■ TASK DESCRIPTION
Please copy exactly the line containing "Подарочный набор New" and every line after it, through the last line of the records below, leaving out all pictures.

(Dataset records)

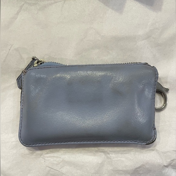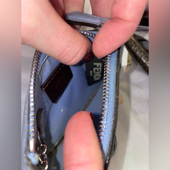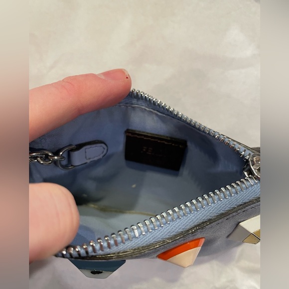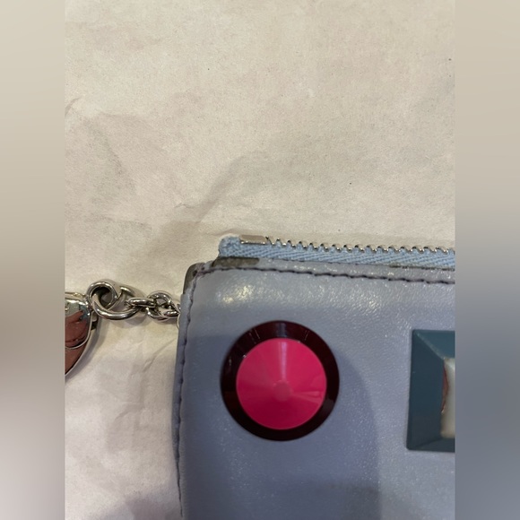 Super adorable Fendi key chain wallet! Has some corner wear as shown in the pictures and one of the gems/charms has a few nicks in it. Overall a lovely little wallet and has plenty of uses left in it!
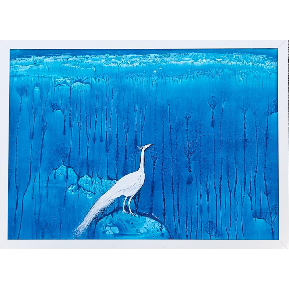 Technika wykonania: gwasz. Wymiary: 35x26 cm. Rama o szerokości 2,5 cm, w kolorze srebrnym.
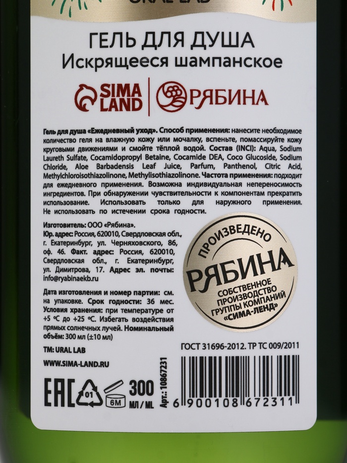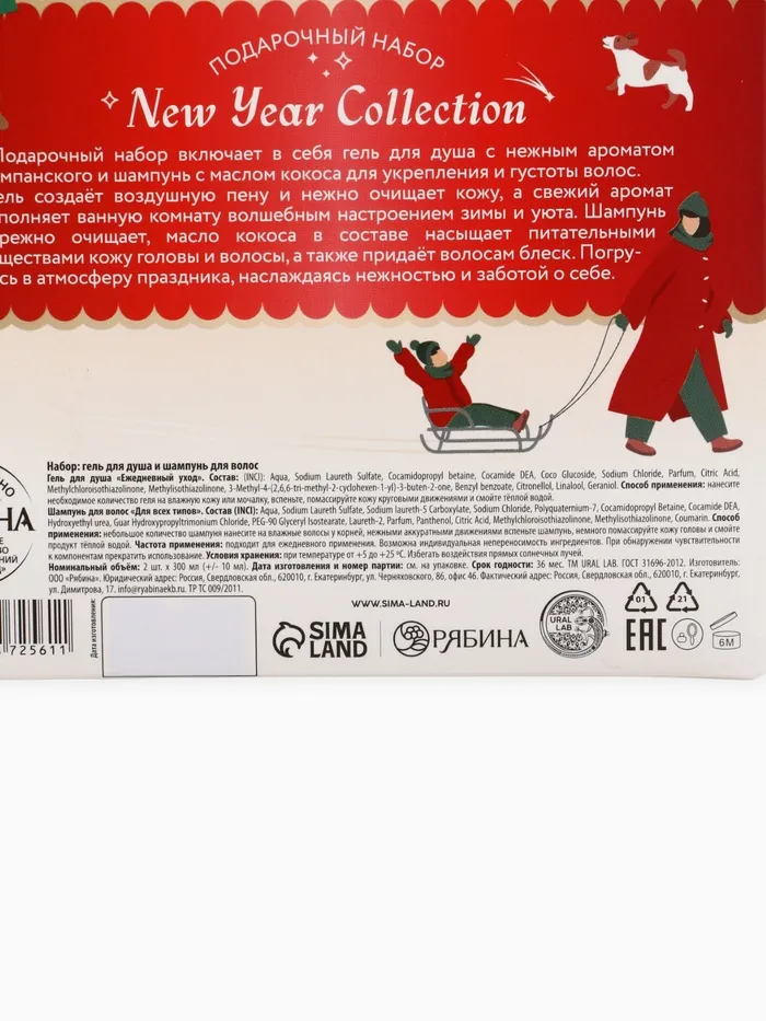 Подарочный набор New Year holidays, гель для душа и шампунь для волос 2×300 мл, URAL LAB — Характеристики
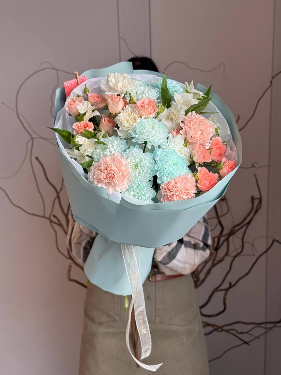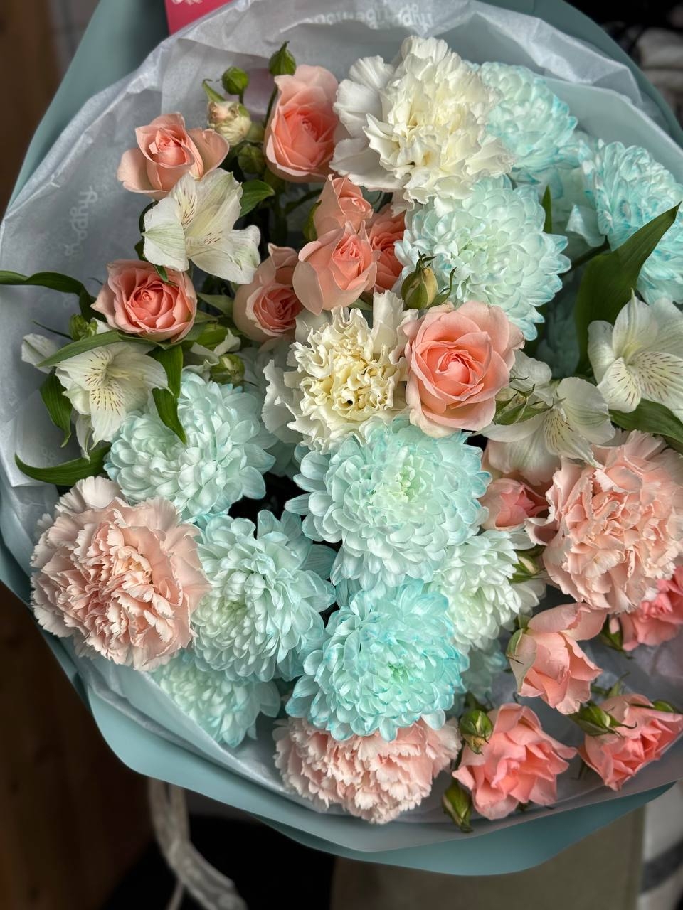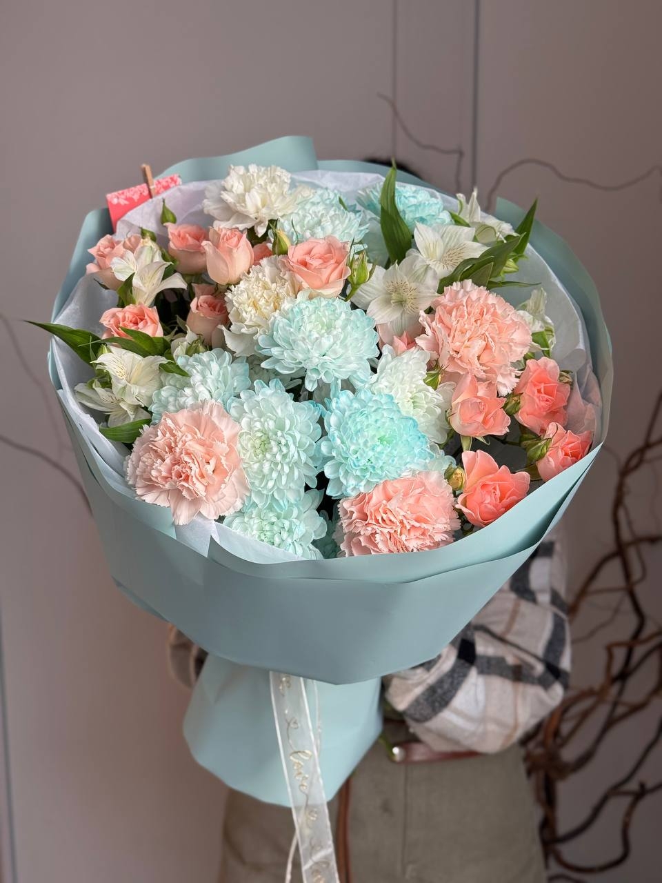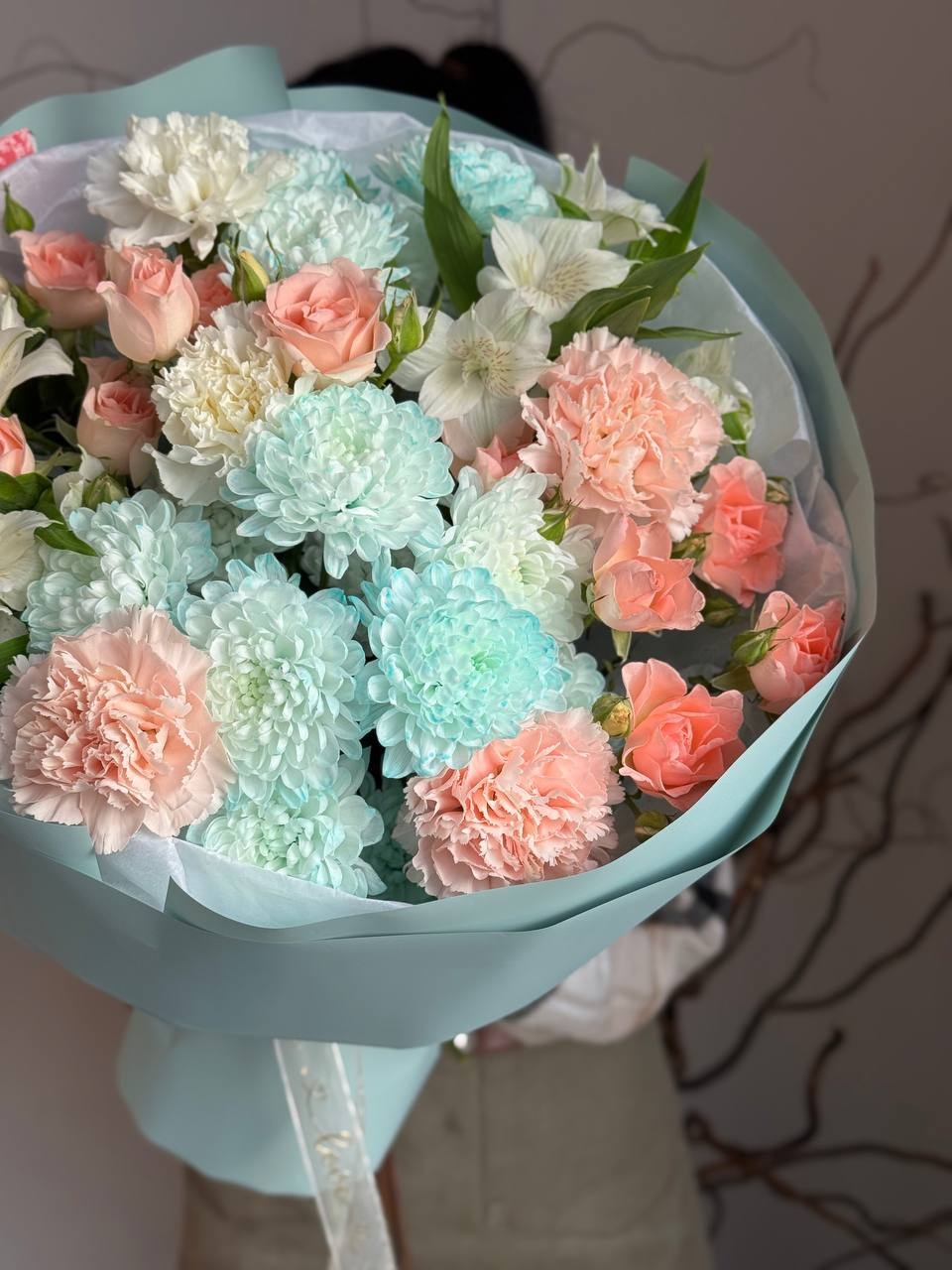 Хризантема кустовая, гвоздика, роза кустовая, альстромерия, дизайнерская упаковка.
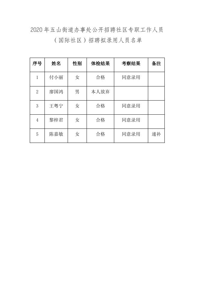 2020年五山街道办事处公开招聘社区专职工作人员(国际社区)招聘拟录用人员名单.docx
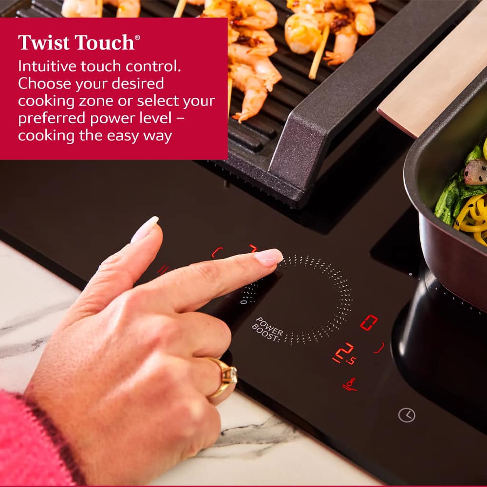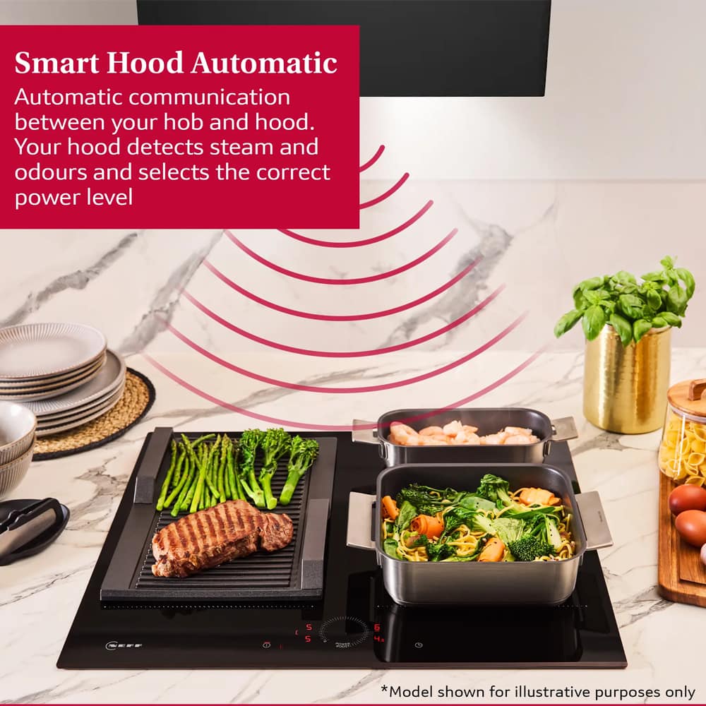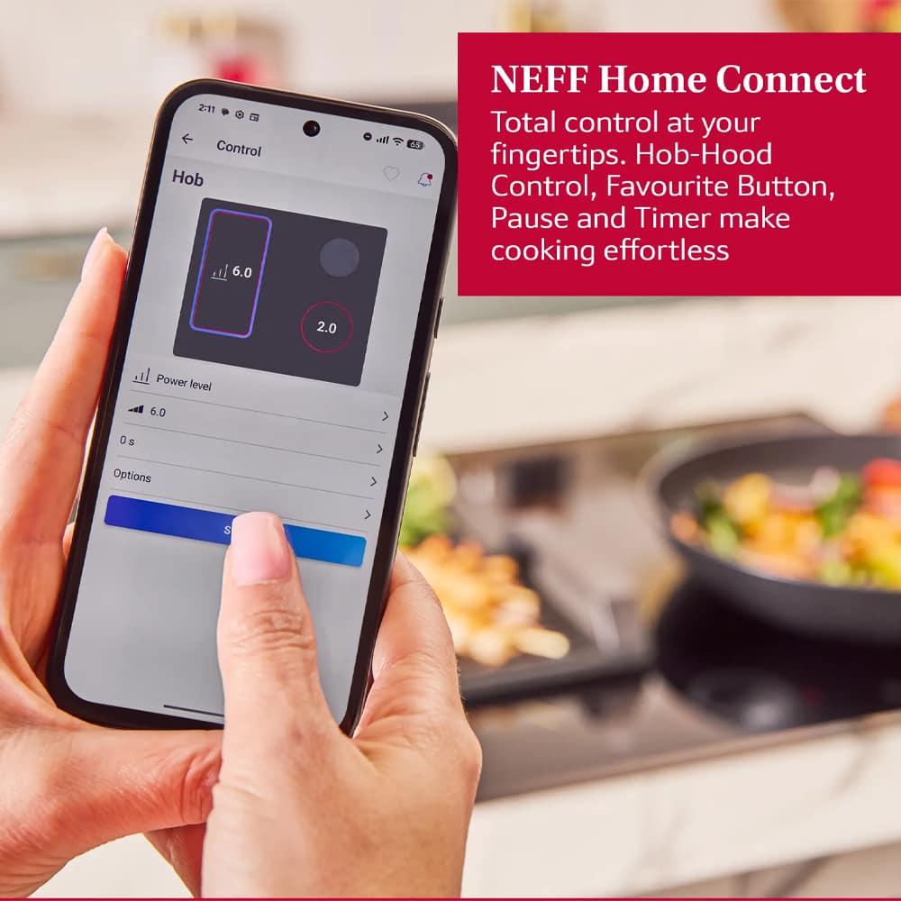 Quality, flexibility and style! That’s what you’ll find here in this superb induction hob from Neff. Featuring 4 induction zones, 2 of which can be combined to form a Flex Induction zone, this hob makes cooking, boiling and frying with different sized pans so easy. Flex Induction means ‘any pan, anywhere’ so no more juggling hot pans for hob space, the automatic pan recognition detects when there’s a pan on the surface and only heats that area. Finished in black glass with a bevelled front edge the T66FHE4L0 creates a stylish streamlined look and is easy to keep clean.

■ SOLUTION TO THE EXERCISE
 Подарочный набор New Year holidays, гель для душа и шампунь для волос 2×300 мл, URAL LAB — Характеристики
 Хризантема кустовая, гвоздика, роза кустовая, альстромерия, дизайнерская упаковка.
 2020年五山街道办事处公开招聘社区专职工作人员(国际社区)招聘拟录用人员名单.docx
 Quality, flexibility and style! That’s what you’ll find here in this superb induction hob from Neff. Featuring 4 induction zones, 2 of which can be combined to form a Flex Induction zone, this hob makes cooking, boiling and frying with different sized pans so easy. Flex Induction means ‘any pan, anywhere’ so no more juggling hot pans for hob space, the automatic pan recognition detects when there’s a pan on the surface and only heats that area. Finished in black glass with a bevelled front edge the T66FHE4L0 creates a stylish streamlined look and is easy to keep clean.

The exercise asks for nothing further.